[Work instruction]: From the line with "Detailním záběrem zkontrolujeme" through the line with "If you prefer", inclusive, return each line of the data below exactly and leave the rest out.

[Exercise materials]:
○ ○ ○ ○ ○ ○ ○

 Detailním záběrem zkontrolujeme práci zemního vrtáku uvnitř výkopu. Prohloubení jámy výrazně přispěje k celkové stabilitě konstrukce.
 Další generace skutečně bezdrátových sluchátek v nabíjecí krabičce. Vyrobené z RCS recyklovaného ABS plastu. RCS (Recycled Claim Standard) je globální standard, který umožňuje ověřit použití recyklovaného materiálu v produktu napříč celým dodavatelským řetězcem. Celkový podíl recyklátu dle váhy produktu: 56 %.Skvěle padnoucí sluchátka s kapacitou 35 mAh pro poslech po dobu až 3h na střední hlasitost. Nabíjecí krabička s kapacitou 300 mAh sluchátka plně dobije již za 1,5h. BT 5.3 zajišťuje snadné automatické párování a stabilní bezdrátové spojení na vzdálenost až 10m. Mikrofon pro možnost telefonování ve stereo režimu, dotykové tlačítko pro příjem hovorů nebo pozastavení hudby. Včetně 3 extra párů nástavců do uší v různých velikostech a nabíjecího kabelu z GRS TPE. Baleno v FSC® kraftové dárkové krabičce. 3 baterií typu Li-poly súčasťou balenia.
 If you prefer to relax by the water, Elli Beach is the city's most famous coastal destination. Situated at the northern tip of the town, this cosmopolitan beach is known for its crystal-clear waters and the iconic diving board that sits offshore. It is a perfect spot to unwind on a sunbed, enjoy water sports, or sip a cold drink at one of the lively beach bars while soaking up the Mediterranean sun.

○ ○ ○ ○ ○ ○ ○

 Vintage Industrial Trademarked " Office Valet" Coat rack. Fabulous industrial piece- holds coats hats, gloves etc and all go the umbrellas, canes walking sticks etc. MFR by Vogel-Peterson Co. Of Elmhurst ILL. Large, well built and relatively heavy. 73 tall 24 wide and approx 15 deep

○ ○ ○ ○ ○ ○ ○

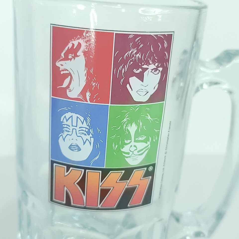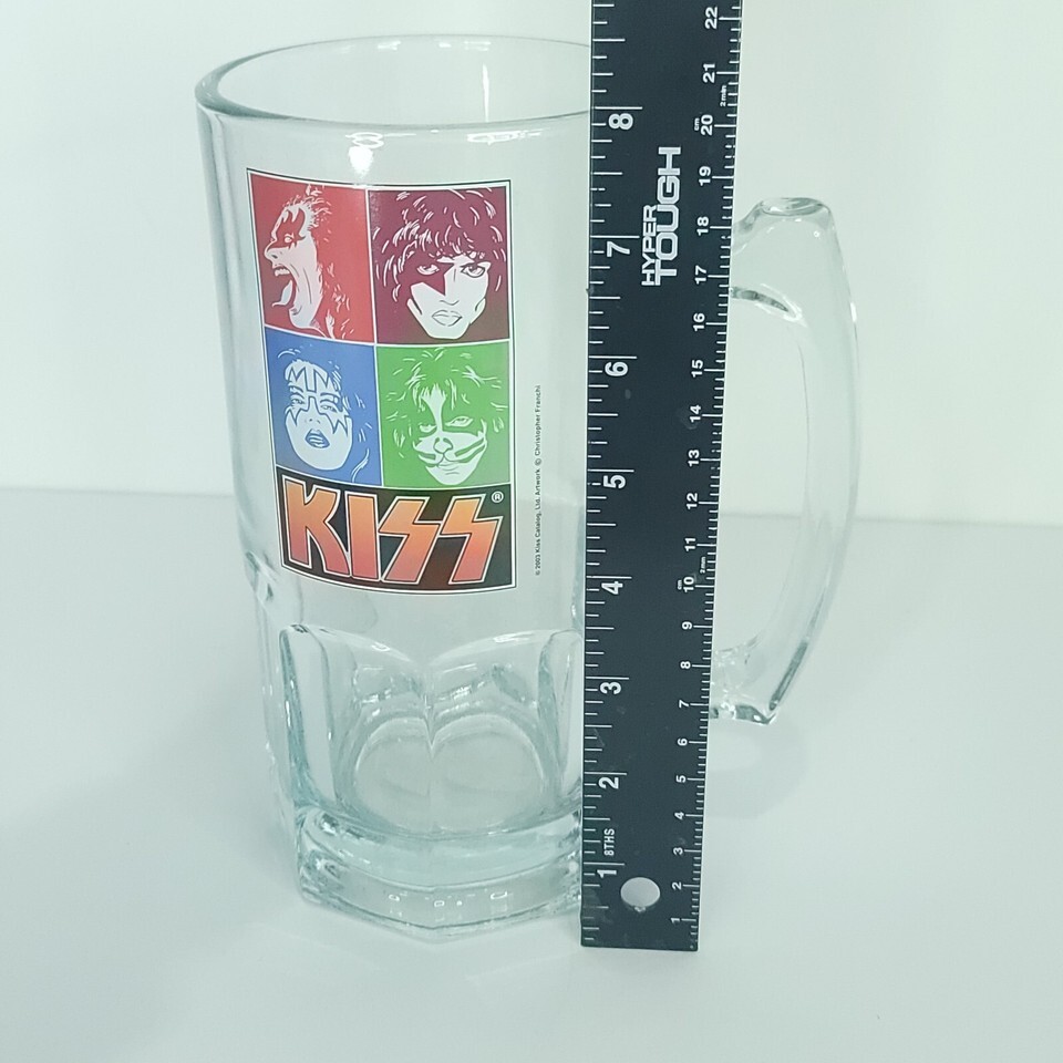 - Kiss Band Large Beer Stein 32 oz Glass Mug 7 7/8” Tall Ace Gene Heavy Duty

○ ○ ○ ○ ○ ○ ○

[Response]:
 Detailním záběrem zkontrolujeme práci zemního vrtáku uvnitř výkopu. Prohloubení jámy výrazně přispěje k celkové stabilitě konstrukce.
 Další generace skutečně bezdrátových sluchátek v nabíjecí krabičce. Vyrobené z RCS recyklovaného ABS plastu. RCS (Recycled Claim Standard) je globální standard, který umožňuje ověřit použití recyklovaného materiálu v produktu napříč celým dodavatelským řetězcem. Celkový podíl recyklátu dle váhy produktu: 56 %.Skvěle padnoucí sluchátka s kapacitou 35 mAh pro poslech po dobu až 3h na střední hlasitost. Nabíjecí krabička s kapacitou 300 mAh sluchátka plně dobije již za 1,5h. BT 5.3 zajišťuje snadné automatické párování a stabilní bezdrátové spojení na vzdálenost až 10m. Mikrofon pro možnost telefonování ve stereo režimu, dotykové tlačítko pro příjem hovorů nebo pozastavení hudby. Včetně 3 extra párů nástavců do uší v různých velikostech a nabíjecího kabelu z GRS TPE. Baleno v FSC® kraftové dárkové krabičce. 3 baterií typu Li-poly súčasťou balenia.
 If you prefer to relax by the water, Elli Beach is the city's most famous coastal destination. Situated at the northern tip of the town, this cosmopolitan beach is known for its crystal-clear waters and the iconic diving board that sits offshore. It is a perfect spot to unwind on a sunbed, enjoy water sports, or sip a cold drink at one of the lively beach bars while soaking up the Mediterranean sun.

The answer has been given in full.